* **Dataset extract**

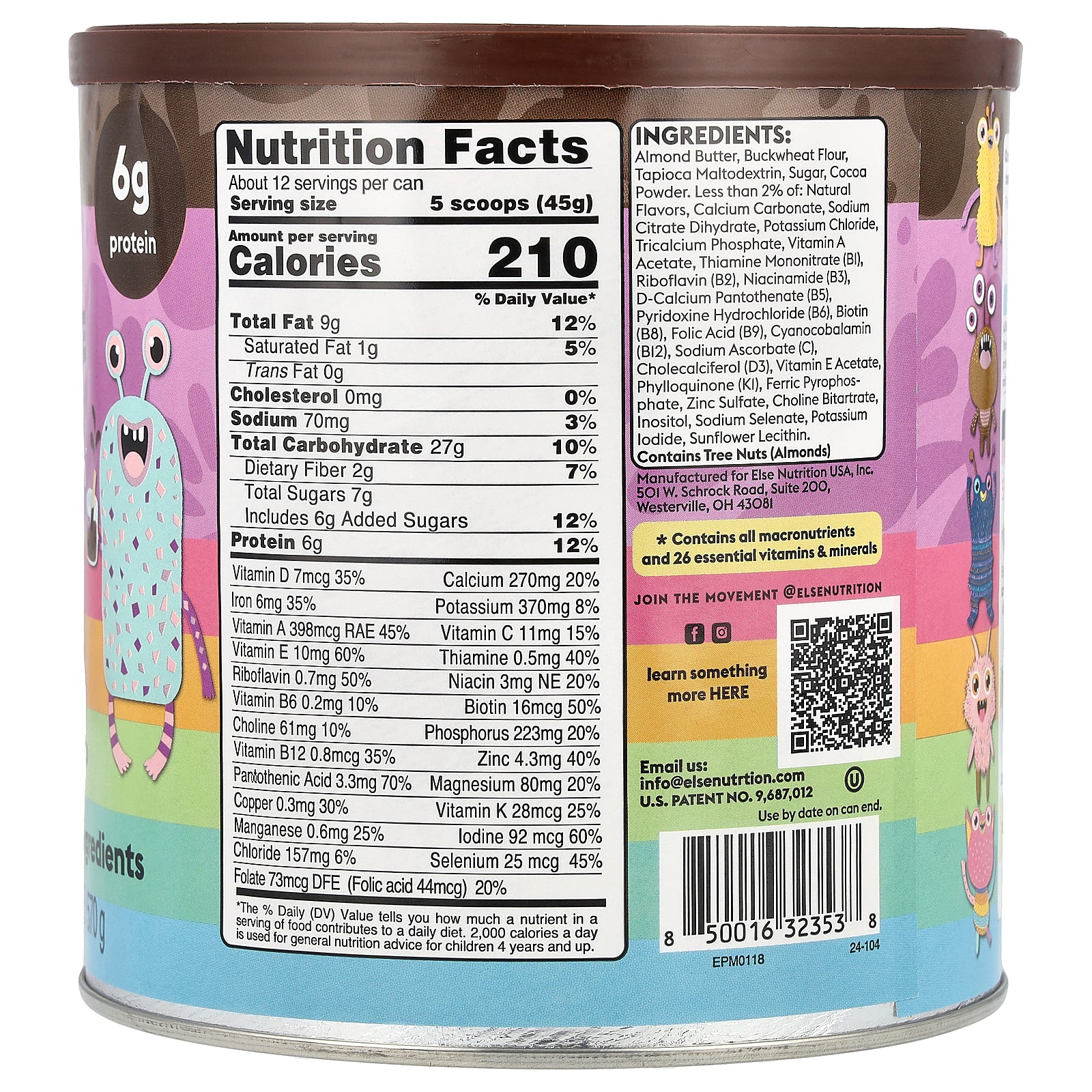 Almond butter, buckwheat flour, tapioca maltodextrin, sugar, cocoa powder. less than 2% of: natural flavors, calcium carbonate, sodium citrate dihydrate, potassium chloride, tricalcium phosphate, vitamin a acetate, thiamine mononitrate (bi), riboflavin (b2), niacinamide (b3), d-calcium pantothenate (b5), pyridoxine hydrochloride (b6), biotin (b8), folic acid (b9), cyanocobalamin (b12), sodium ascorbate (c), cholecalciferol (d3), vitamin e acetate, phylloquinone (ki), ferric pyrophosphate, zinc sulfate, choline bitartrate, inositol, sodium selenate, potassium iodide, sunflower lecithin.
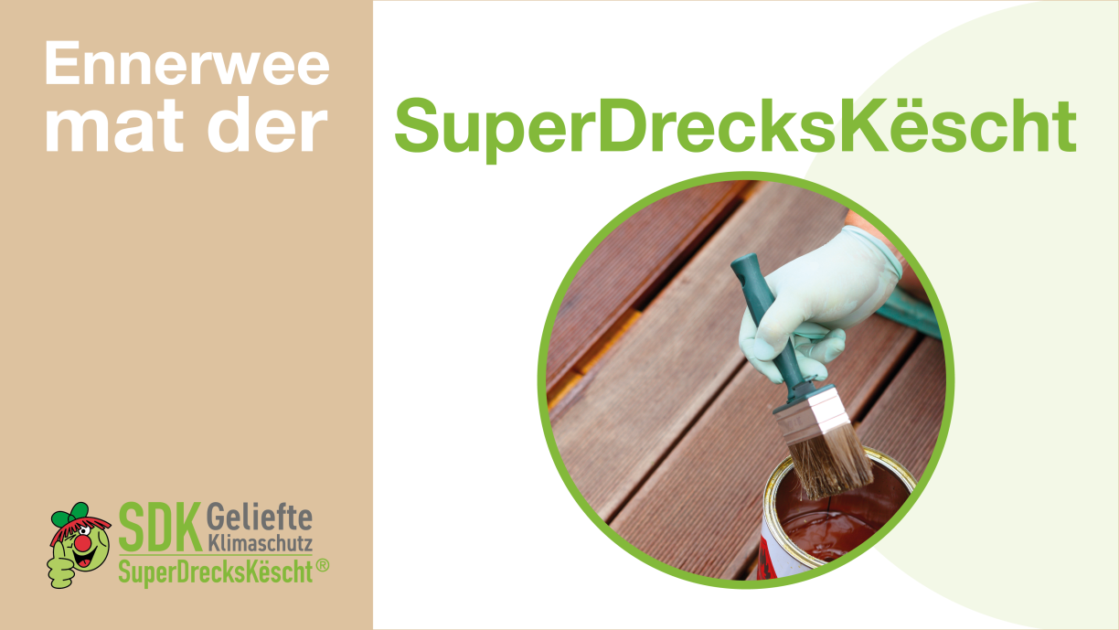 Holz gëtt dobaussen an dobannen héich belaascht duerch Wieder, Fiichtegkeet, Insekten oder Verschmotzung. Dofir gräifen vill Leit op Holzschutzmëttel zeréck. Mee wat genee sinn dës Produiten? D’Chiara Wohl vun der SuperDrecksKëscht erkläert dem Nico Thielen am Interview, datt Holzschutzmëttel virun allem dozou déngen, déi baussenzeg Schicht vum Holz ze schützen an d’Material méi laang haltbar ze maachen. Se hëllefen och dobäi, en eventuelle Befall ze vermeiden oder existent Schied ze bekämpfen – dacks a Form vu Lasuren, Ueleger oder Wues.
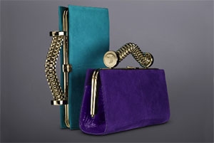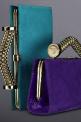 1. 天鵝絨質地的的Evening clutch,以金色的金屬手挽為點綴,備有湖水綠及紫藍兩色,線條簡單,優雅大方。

* **Description of the task**
Would you transcribe the listing above line by line, exactly, leaving every picture out?

* **Answer section**
 Almond butter, buckwheat flour, tapioca maltodextrin, sugar, cocoa powder. less than 2% of: natural flavors, calcium carbonate, sodium citrate dihydrate, potassium chloride, tricalcium phosphate, vitamin a acetate, thiamine mononitrate (bi), riboflavin (b2), niacinamide (b3), d-calcium pantothenate (b5), pyridoxine hydrochloride (b6), biotin (b8), folic acid (b9), cyanocobalamin (b12), sodium ascorbate (c), cholecalciferol (d3), vitamin e acetate, phylloquinone (ki), ferric pyrophosphate, zinc sulfate, choline bitartrate, inositol, sodium selenate, potassium iodide, sunflower lecithin.
 Holz gëtt dobaussen an dobannen héich belaascht duerch Wieder, Fiichtegkeet, Insekten oder Verschmotzung. Dofir gräifen vill Leit op Holzschutzmëttel zeréck. Mee wat genee sinn dës Produiten? D’Chiara Wohl vun der SuperDrecksKëscht erkläert dem Nico Thielen am Interview, datt Holzschutzmëttel virun allem dozou déngen, déi baussenzeg Schicht vum Holz ze schützen an d’Material méi laang haltbar ze maachen. Se hëllefen och dobäi, en eventuelle Befall ze vermeiden oder existent Schied ze bekämpfen – dacks a Form vu Lasuren, Ueleger oder Wues.
 1. 天鵝絨質地的的Evening clutch,以金色的金屬手挽為點綴,備有湖水綠及紫藍兩色,線條簡單,優雅大方。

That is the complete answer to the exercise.